Jan Garbarek’s ‘Molde Canticle, Part 3’ from his 1990 album I Took Up The Runes [ECM 1419] sounded bold and powerful while possessing a beguiling coherence and effortless, relaxed feel. The melodic lines delivered by bass maestro Eberhard Weber were uncommonly easy to follow, where on lesser record players the subtle touches and inflections in his playing become all too easily blurred by the over-prominent subsonic thumps of Manu Katche’s kick drum. And although Garbarek’s wailing soprano saxophone can often become jarring in digital ECM recordings such as this, the sound remained lucid and actually rather silky – even when Garbarek let rip during crescendos.

And this is not because the deck sounds smooth and mellow. Far from it, as it displays plenty of attack and zest. Sounding fast and authoritative partnered with the SME tonearm, there was joyus alacrity to Sly ’n’ Robbie’s rhythm section on Joe Cocker’s Sheffield Steel [Island ILPS 9700], while his gruff vocal delivery stood out from the production with uncommonly fine diction and projection. There was nothing bloated about the sound of this turntable combo, everything appearing tight, sharp and lucid, which allowed you to hear deep into the mix of complex multitrack recordings to pick out the subtlest of details.

When listening to ‘Couldn’t Bear To Be Special’ from Prefab Sprout’s Swoon album [Kitchenware, KWLP1] the low frequency ‘thunder’ effects had the kind of control one usually associates with CD replay, without an ounce of spare flesh artificially colouring the sound. The Acutus Reference makes vinyl sound not only clean but articulate too, Prefab Sprout’s Paddy McAloon appearing frail and exposed as the halo of reverberation around his voice was portrayed vividly within the stereo image. The low-level swirling of electronic keyboards in the recording, together with the percussion fills and ethereal backing vocals, were delineated clearly within a cavern of eerie blackness, sound images seemingly locked in tight focus between and beyond the boundaries of the loudspeakers.



It’s funny how the cosmetic appearance of a turntable can sometimes lead one to second-guess how it might sound. The svelte, delicate look of Oracle’s drop-dead-gorgeous Delphi turntable, for example, gives an impression of refinement – and curiously it does rather sound like that – but you’d be wrong if you thought this grand and imposing Avid Acutus Reference SP might be all about blood ’n’ guts and thunder, with heroic bass to blow your socks off.

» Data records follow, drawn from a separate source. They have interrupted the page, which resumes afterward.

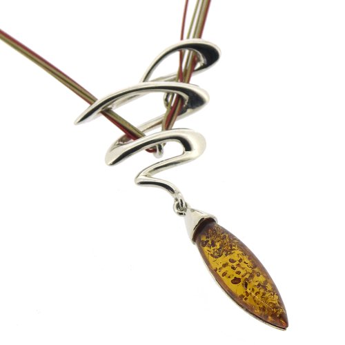 This necklace is a modern and sophisticated design sure to turn heads. Crafted from sterling silver the marquise shaped Amber pendant is suspended from a swish of silver reminiscent of a brush mark. Entwined with a beautiful 44 cm multi strand steel necklace in colours of red and gold, with a sterling silver clasp. Comes complete with a smart black branded presentation box. All our amber is natural, therefore colour and inclusions may vary slightly.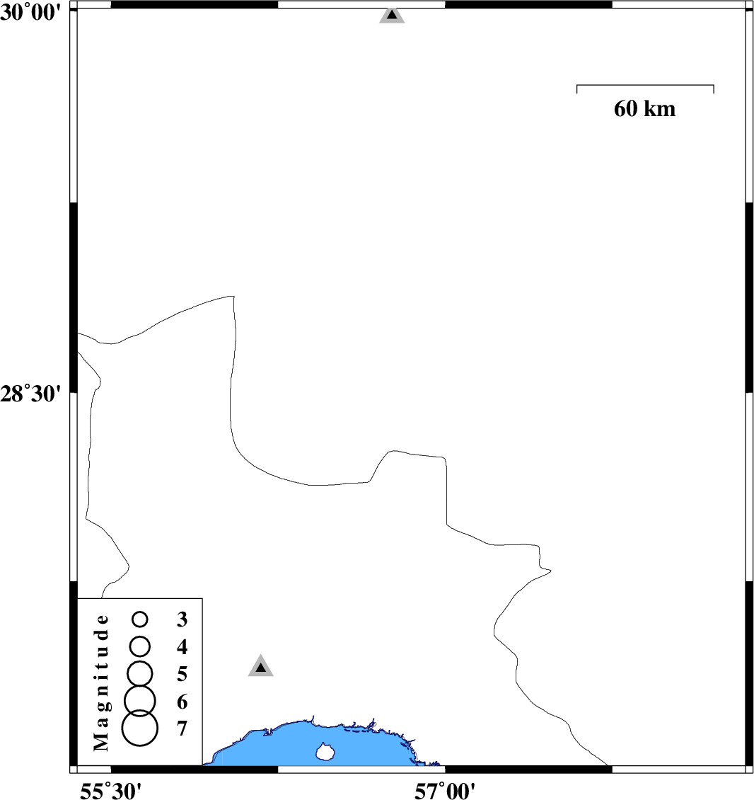 | 2018/11/30 | 12:53:52.9 | 16:23:52.9 | 28.511 | 56.848 | 14 | ML2.6 | Kerman Province, 84 km South-East of Baft |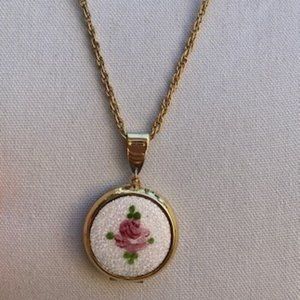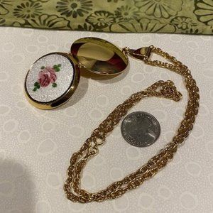 ❤️❤️Gold Tone White Flower Guilloche Large Enamel Locket NECKLACE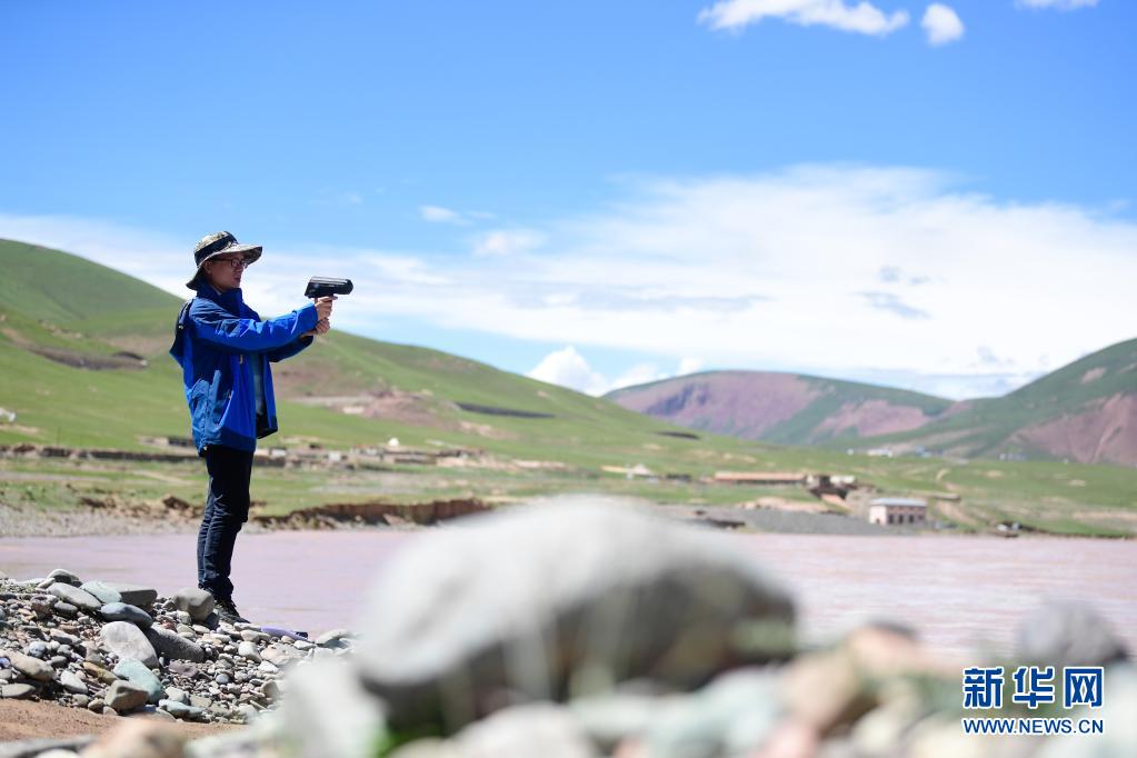 2021年長(zhǎng)江源綜合科考的科考隊(duì)員陳鵬在通天河流域觀測(cè)河流流速(7月24日攝)。

Not so. Its bass performance is impressive sure enough, Tony Levin’s thumping bass ‘stick’ on King Crimson’s Beat album [EG Records, EGLP 51] demonstrating noble power and ‘slam’, but the Acutus’ main sonic character is best described as a ‘stately coolness’ – where nothing appears forced or over-lit. 

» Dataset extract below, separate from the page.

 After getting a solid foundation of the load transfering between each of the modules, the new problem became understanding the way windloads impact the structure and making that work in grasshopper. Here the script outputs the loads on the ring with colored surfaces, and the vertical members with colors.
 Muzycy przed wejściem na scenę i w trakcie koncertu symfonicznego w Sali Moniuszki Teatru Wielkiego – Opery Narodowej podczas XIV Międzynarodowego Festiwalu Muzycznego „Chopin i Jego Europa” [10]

The sound is ultra-clean, with fast, tight bass and lucid midband combined with equally fast treble and superb detail retrieval. Somehow it has the ability to sound explicit without a trace of harshness or over-etching, so the weeping electronic guitar of Crimson’s Robert Fripp was exposed without ever becoming brittle. As you’d imagine, female voices were beautifully served too. I found myself captivated by the richness and detail in lead singer Martha Johnson’s voice when listening to Martha And The Muffins’ 1981 LP This Is The Ice Age [Dindisc Records, DIN 10] despite Daniel Lanois’ typically dense production. The combo did seem to extract all the information it possibly could from the record’s 30-year-old grooves.

Given its fast, vivid sound and exemplary build quality, is there anything not to like about the Acutus Reference? Well, it goes without saying that you need to be able to afford the lofty price tag. Moreover, you should budget a further £350 for an acrylic dust cover. As with all ‘oil-rig’ type skeletal decks such as this, there’s no plinth and lid supplied to keep the dust at bay.

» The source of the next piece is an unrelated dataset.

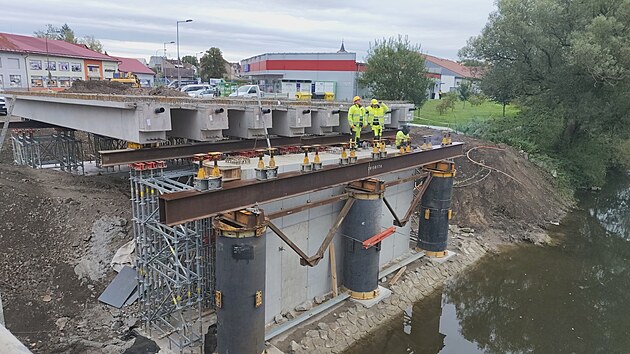 Vedle starého mostu v Týništi nad Orlicí už osazují nový. (25. září 2025)

With its fabulous detail retrieval and focused sound, the Acutus Reference SP delivers a captivating performance. Moreover its elaborate suspension makes it immune to the vagaries of positioning – not something that can be said about most turntables. Beautifully made, compact, easy to set up and maintain, the only reason not to want it is the high-end cost. Aaah… the price of luxury.